After profiling I realized that most of what my application does is spend time in glReadPixels() - more than 50% of the time. So the natural step is to move the processing to the GPU so that the data would not have to be copied.

So my question is - what would be the best way to program such a thing to the GPU?
GLSL?
CUDA?
Anything else I'm not currently aware of?
The main requirements is that it'll have access to The rendered off-screen frame bufferes (or texture data since it is possible to render to a texture) and to be able to output some information to the CPU, say in the order of 1-2Kb per frame.

+3  A: 

You might find the answers in the "Intro to GPU programming" questions useful.

Adam Davis
+1  A: 

There are a number of pointers to getting started with GPU programming in other questions, but if you have an application that is already built using OpenGL, then probably your question really is "which one will interoperate with OpenGL"?
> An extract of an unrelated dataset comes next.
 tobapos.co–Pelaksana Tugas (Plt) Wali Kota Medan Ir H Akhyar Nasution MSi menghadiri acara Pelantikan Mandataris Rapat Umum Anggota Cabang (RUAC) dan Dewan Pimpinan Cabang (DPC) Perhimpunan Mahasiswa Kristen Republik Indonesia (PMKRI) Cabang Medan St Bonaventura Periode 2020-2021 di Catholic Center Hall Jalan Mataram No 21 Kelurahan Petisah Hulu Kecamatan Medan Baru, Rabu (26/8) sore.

After all, your whole point is to avoid the overhead of reading your FBO back from the GPU to the CPU with glReadPixels(). If, for example you had to read it back anyway, then copy the data into a CUDA buffer, then transfer it back to the gpu using CUDA APIs, there wouldn't be much point.
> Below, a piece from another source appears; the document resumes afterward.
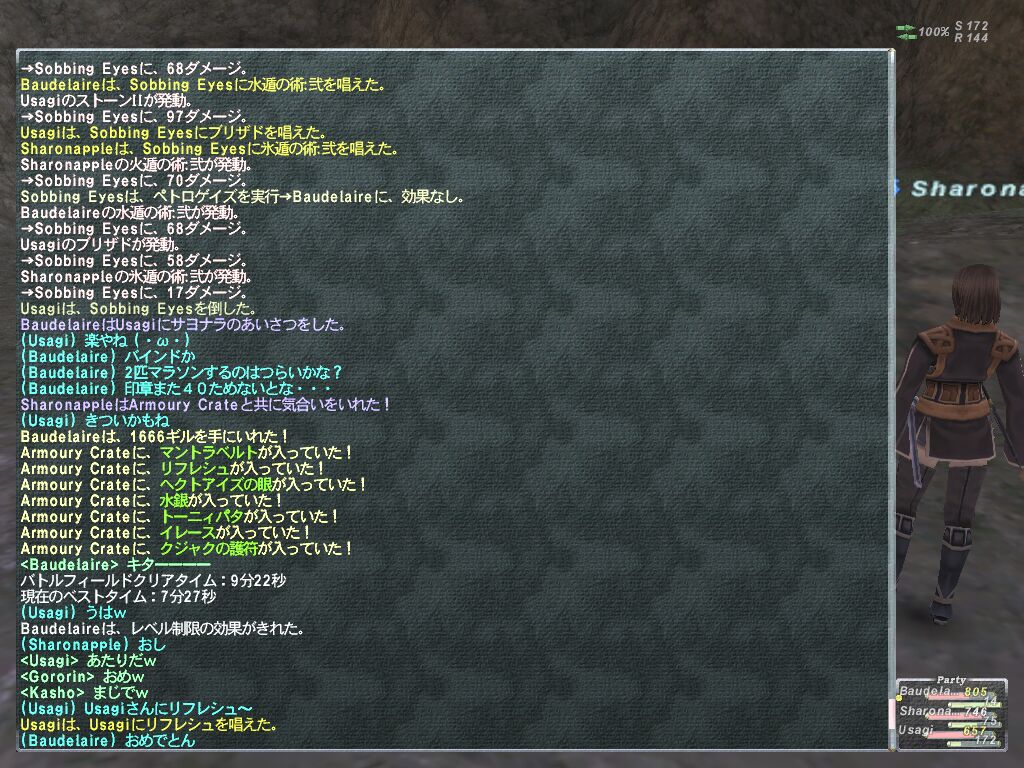 ドロップのほうは私達が合流してからは5,6戦?したけど刀落としたのは 1本のみ orz もう少しドロップいいと思ってたので残念でした。 私が自爆で死んだときにドロップしました・・・死なないとでないみたいですw

So you need a GPGPU package that will take your OpenGL FBO object as an input directly, without any extra copying.

That would probably rule out everything except GLSL.

I'm not 100% sure whether CUDA has any way of operating directly on an OpenGL buffer object, but I don't think it has that feature.

I am sure that ATI's Stream SDK doesn't do that. (Although it will interoperate with DirectX.)

I doubt that the DirectX 11 "technology preview" with compute shaders has that feature, either.

EDIT: Follow-up: it looks like CUDA, at least the most recent version, has some support for OpenGL interoperability. If so, that's probably your best bet.